The unscrupulous COVID-19 scammers

It will come as little surprise that since the start of 2020 there has been unprecedented demand across the globe for Personal Protective Equipment (PPE) – in particular for disposable face masks, gloves and surgical gowns. At the outset of the pandemic, these items were needed to supply and protect front-line health workers. Of late, there has been wider demand from the public at large as the pandemic spread. Unfortunately, opportunists see these events as a chance to cash in and profit from people’s anxieties.

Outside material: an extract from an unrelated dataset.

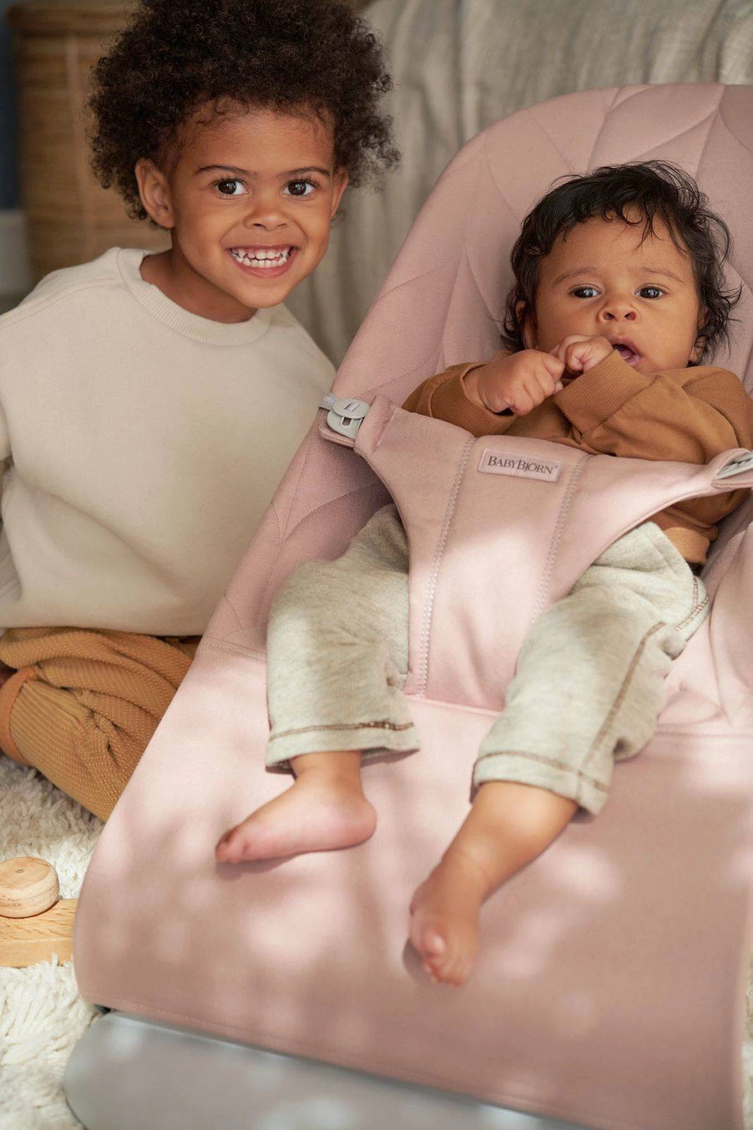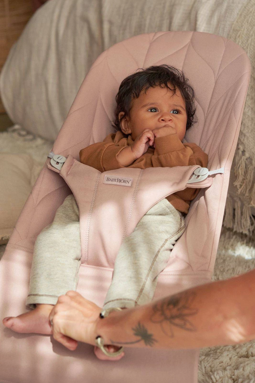 BABYBJORN - leżaczek BLISS WOVEN, Petal Quilt, w kolorze Zgaszony róż z ramą w kolorze jasny szary

In the APAC region, and being a global manufacturing hub, China has become a provider of much of this PPE. Many contracts for the supply of Chinese products are arranged through Hong Kong sales entities and middlemen – the supply of PPE is no exception to this rule. With this, we have witnessed a sharp increase in fraud schemes associated with PPE transactions all around the globe. There have been thousands of online PPE scams reported to the Hong Kong authorities since the start of this year.

In our experience, there have been 2 types of Covid 19 PPE fraud: -

  • Low quality or defective PPE: Fraudsters assert that they will provide PPE which meets a defined standard (Chinese standard - KN95, US standard - N95, or European standard - FFP2, etc.). The PPE is delivered but is of such low quality that it does not meet the required standard. There have reports in the media of such items arriving with falsified paperwork and/or falsified kite-marking.
  • Non-existent PPE: Fraudsters offering to sell non-existent PPE. After the customer wires payment to the fraudsters’ bank account the fraudster vanishes, and no PPE is delivered. The victim then seeks recovery of the money paid.

While due diligence may not have been performed to the highest level (owing to pressures of time, or difficulty in sourcing PPE) it is regrettable that those in need have fallen victim to sophisticated fraudsters. At Fitzgerald Lawyers we are happy to engage with, and where possible assist, those who are affected. What follows is a short note, and a heads-up on what to look for in any recovery action.

Where did my money go? What can be done?

1. Consider taking prompt action to preserve whatever is left in the fraudsters Hong Kong bank account, to avoid being left with a worthless paper judgement.

2. In the event of a non-existent PPE fraud, report the scam to the Hong Kong Police as soon as possible. The Hong Kong Police will likely issue a “no consent” letter over the fraudsters bank account, which in some respects has the effect of freezing the funds in that account without the need for an injunction. Note though, that such a letter will only remain in place for a limited period of time.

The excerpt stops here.